(Source material)
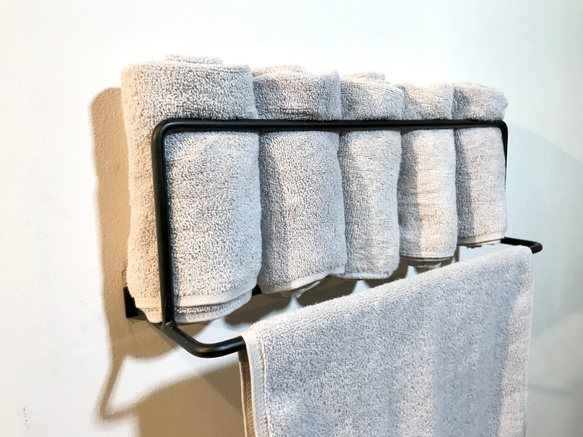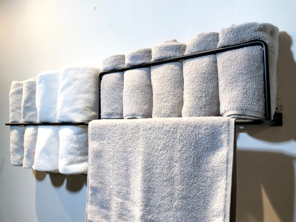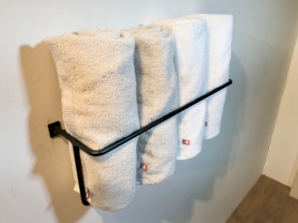 写真のようにタオル掛けをはじめ、その他傘掛けや洋服掛け等、その他多用途にお使いいただけます。
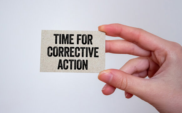 Time for corrective action message written on a card in hand. Conceptual time for corrective action symbol. Copy space.
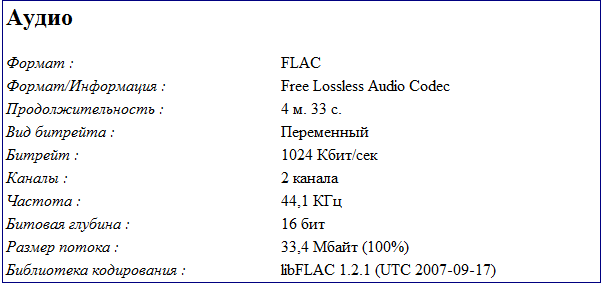 В качестве исходного материала был скачан первый попавшийся альбом в формате FLAC со следующими техническими спецификациями:
(End Source material)
* **Action item**
With the pictures removed, output the listing above exactly.

* **Exercise solution**
 写真のようにタオル掛けをはじめ、その他傘掛けや洋服掛け等、その他多用途にお使いいただけます。
 Time for corrective action message written on a card in hand. Conceptual time for corrective action symbol. Copy space.
 В качестве исходного материала был скачан первый попавшийся альбом в формате FLAC со следующими техническими спецификациями:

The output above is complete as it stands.